Could you reproduce every entry as it stands, leaving the pictures behind?

(Items listed in a dataset)

- - - -

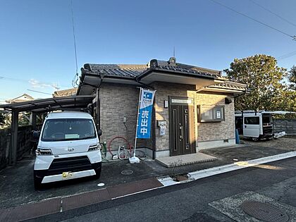 【リフォーム中】カーポート付きの駐車場の写真です。高圧洗浄と雨樋の補修も行う予定です。
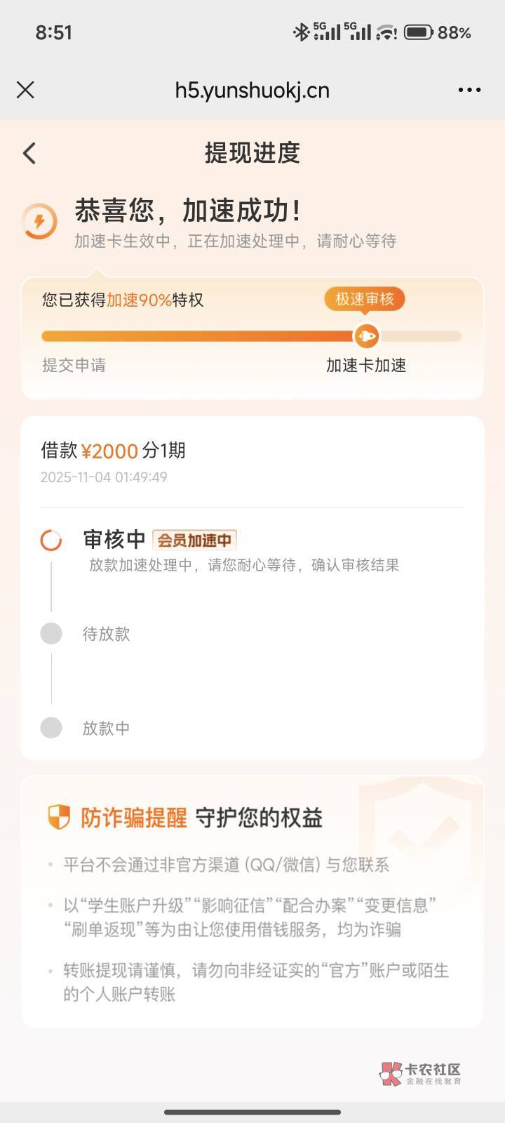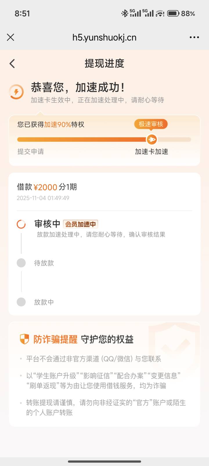 昨天申请今天到的?下午点了给了三千,分两期,还在审核,不知道能不能到
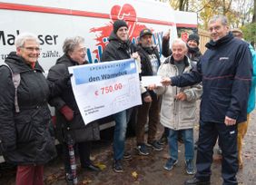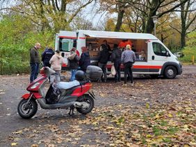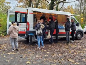 Einige kältefeste Mitglieder der evangelischen Kirchengemeinde Gladbeck, Kantorei Zweckel, besuchten uns gestern bei sehr winterlicher Witterung (brrrr- kalt!) am Wärmebus. Mitgebracht hatten sie eine Spende, den Erlös ihres Konzertes vom 1. November.
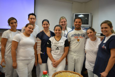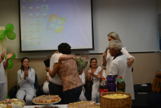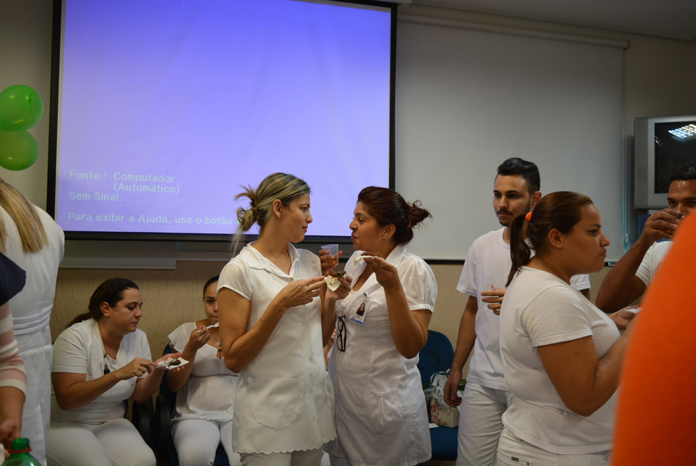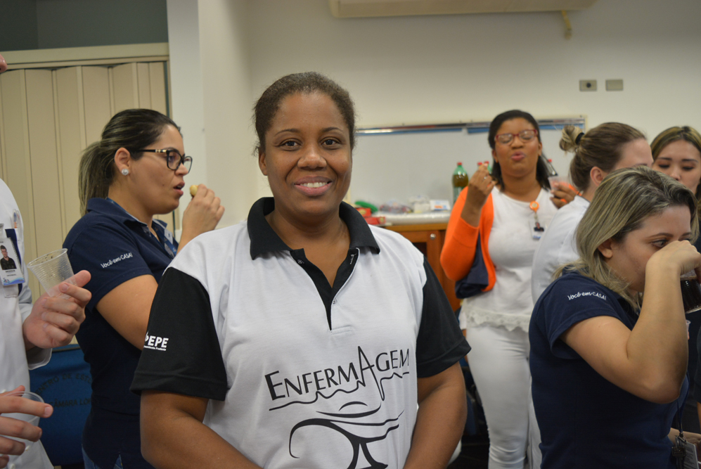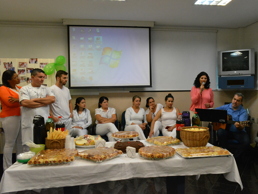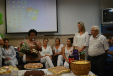 De acordo com a gerente de enfermagem, Daiane Hilário os temas dos encontros foram sugeridos pela própria equipe e o objetivo foi proporcionar uma semana diferente. “Já é uma tradição não buscar assuntos técnicos nessa comemoração, queremos levar autoconhecimento e descontração para nossos profissionais”, afirmou. No encerramento do evento foi apresentado um vídeo em homenagem as equipes de enfermagem e os músicos da Escola Municipal de Artes Jupyra realizaram uma apresentação em voz e violão. A auxiliar de enfermagem mais antiga em atividade, Antônia Neide Pereira da Silva foi homenageada pelos 40 anos de serviços prestados na instituição. “O mais importante nesta profissão é o ato de cuidar do outro, sempre se colocando no lugar do paciente”, frisou a auxiliar de enfermagem.
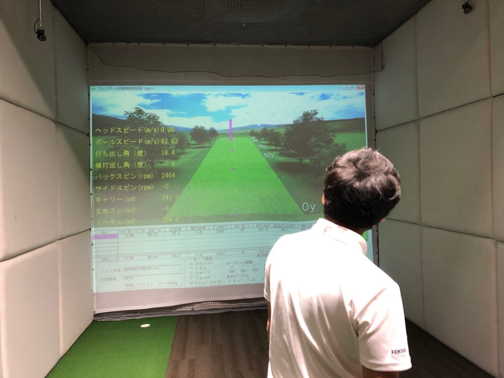次にドライバーを数発ショット。この時、弾道やスイングを計測します。
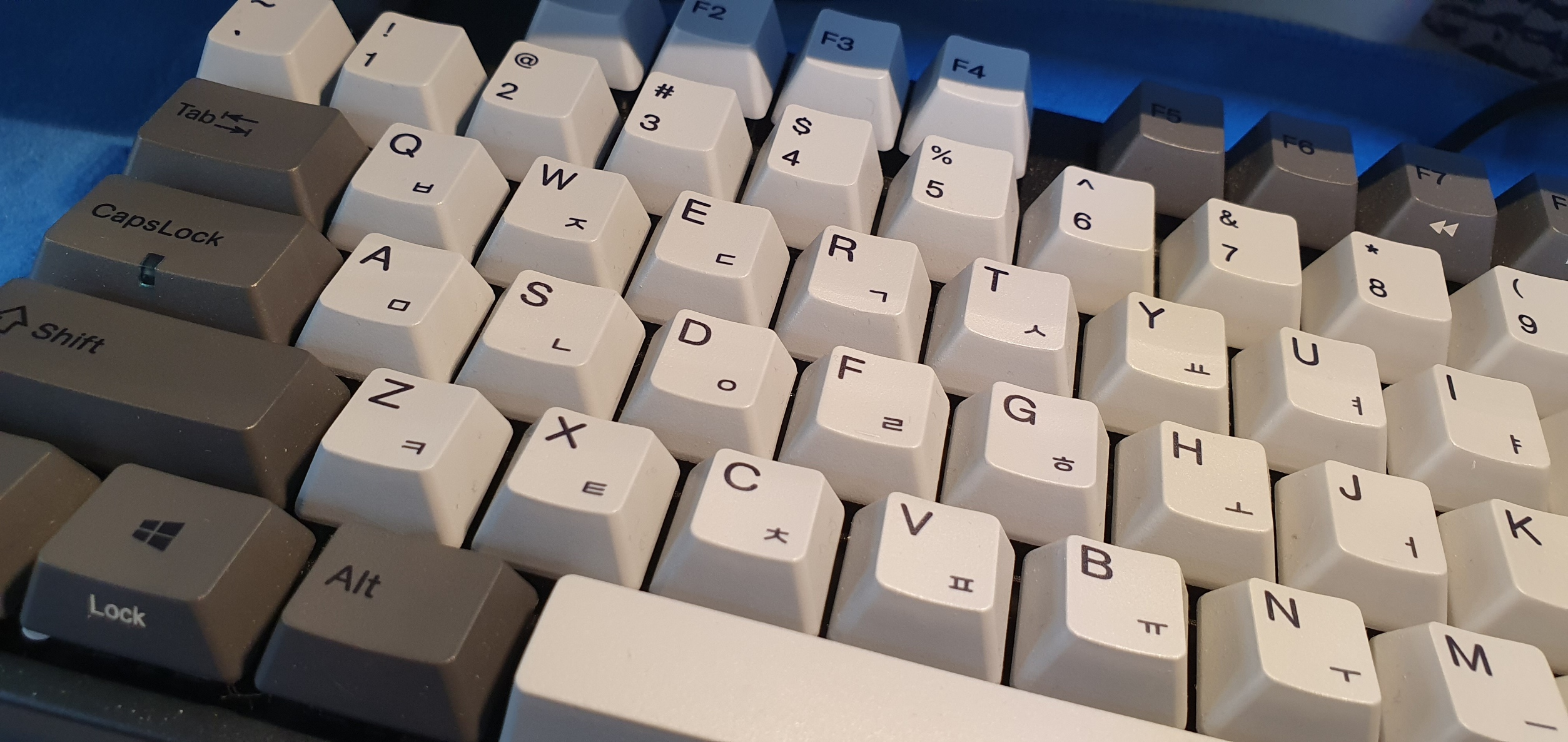 이 키보드의 PBT 키캡은 고운 것 같으면서도 약간 까끌까끌한 느낌이며, 계속 사용한다고 끈적임 같은 타건의 이질감이 들지 않았습니다.
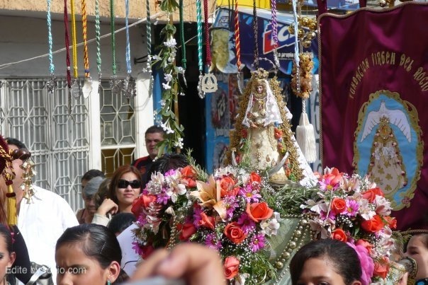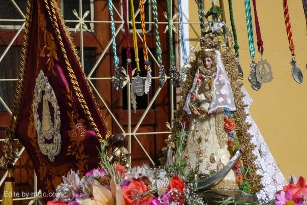 HERMOSA IMAGEN DE LA VIRGEN DEL ROCIO POR LAS CALLES DE MERIDA VENEZUELA RODEADA DE LAS MEDALLAS QUE ALGUNOS HERMANOS ROCIEROS NOS HAN ENVIADO. KARELIA GRISOLIA

- - - -

Task result:
 【リフォーム中】カーポート付きの駐車場の写真です。高圧洗浄と雨樋の補修も行う予定です。
 昨天申请今天到的?下午点了给了三千,分两期,还在审核,不知道能不能到
 Einige kältefeste Mitglieder der evangelischen Kirchengemeinde Gladbeck, Kantorei Zweckel, besuchten uns gestern bei sehr winterlicher Witterung (brrrr- kalt!) am Wärmebus. Mitgebracht hatten sie eine Spende, den Erlös ihres Konzertes vom 1. November.
 De acordo com a gerente de enfermagem, Daiane Hilário os temas dos encontros foram sugeridos pela própria equipe e o objetivo foi proporcionar uma semana diferente. “Já é uma tradição não buscar assuntos técnicos nessa comemoração, queremos levar autoconhecimento e descontração para nossos profissionais”, afirmou. No encerramento do evento foi apresentado um vídeo em homenagem as equipes de enfermagem e os músicos da Escola Municipal de Artes Jupyra realizaram uma apresentação em voz e violão. A auxiliar de enfermagem mais antiga em atividade, Antônia Neide Pereira da Silva foi homenageada pelos 40 anos de serviços prestados na instituição. “O mais importante nesta profissão é o ato de cuidar do outro, sempre se colocando no lugar do paciente”, frisou a auxiliar de enfermagem.
次にドライバーを数発ショット。この時、弾道やスイングを計測します。
 이 키보드의 PBT 키캡은 고운 것 같으면서도 약간 까끌까끌한 느낌이며, 계속 사용한다고 끈적임 같은 타건의 이질감이 들지 않았습니다.
 HERMOSA IMAGEN DE LA VIRGEN DEL ROCIO POR LAS CALLES DE MERIDA VENEZUELA RODEADA DE LAS MEDALLAS QUE ALGUNOS HERMANOS ROCIEROS NOS HAN ENVIADO. KARELIA GRISOLIA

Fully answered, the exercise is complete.